Indispensable guides

Indispensable guides

Discussing the Port of Hamburg, people think of ships and cargoes, trucks and traffic jams -everything that occurs from the quay wall onwards.

The route beforehand is frequently overlooked. Yet in Hamburg, that is something special.

Vessels need to cover around 100 kilometres upstream from the Elbe estuary towards Hamburg. Only then do they reach the port and contemplate berthing at one of its terminals. En route, they are joined by Elbe pilots. Current growth in ship size, increase in traffic and handling of vessels in this area represent a real challenge for the pilots who for centuries have accompanied ships along the Elbe.

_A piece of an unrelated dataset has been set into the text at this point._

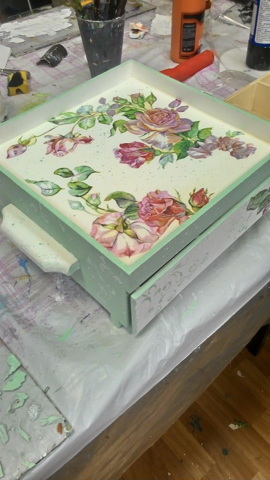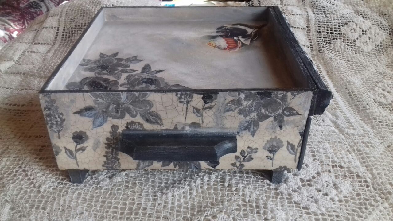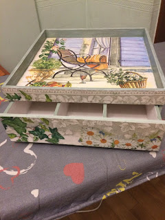 Случился у меня мастер-класс, вообщем-то, ничего необычного, два раза в неделю такое происходит))), но редко бывает, чтобы все сделали совершенно разные работы. Тем более, что заготовка большая, это столик-поднос с выдвижным ящиком впереди.. Некоторые фото сделаны в процессе работы, другие уже после окончательной отделки, почти на всех еще нет ручек на переднем ящике, но это дело наживное). Хвалюсь)))

“We Elbe pilots happily confront this challenge, proud to be able to bring the world’s largest ships from the North Sea to Hamburg,” stresses Ben Lodemann, Sole Elder of the Elbe Pilots Association. Whatever the weather and the time of day, Elbe pilots virtually always go on board ships between Heligoland and Hamburg. They then stand alongside the ship’s captain with their advice, no matter whether the ship is 90 or 400 metres long, the bridge three or 65 metres above water level. This service is no chance achievement, but the result of a long, first-class and focused training for the nautical officers who act as advisers for shipping in the estuary 24/7 and 365 days a year. The pilots have so far managed to draw their successors ‘from among seafaring officers. The nautical officers applying for a pilot’s post have been nautical graduates with four years of experience in a supervisory nautical function on board ship.

Getting to know the river

This ensures that they possess optimal nautical and navigational expertise of a kind that we here on the Elbe sharpen up as part of the pilots’ association’s own training. After appointment, a further five years as a pilot are required before a colleague can be deployed on board one of the really large vessels. By then, pilots truly know their area backwards.

While working as pilots, they are obliged to spend a specific number of days per year on training, to keep their skills up-to-date and to receive data derived from critical situations. The most recent lessons learned are conveyed, and intensive training provided on new classes of ship.

In the current situation, however, it has emerged that fewer and fewer graduates of nautical high schools are actually completing their courses on board ship. So the four years on board ship can be lacking. The number completing has dropped so dramatically that it is not certain that in future the pilots will be able to draw their successors from the pool of seafaring officers. Other ways need to be found.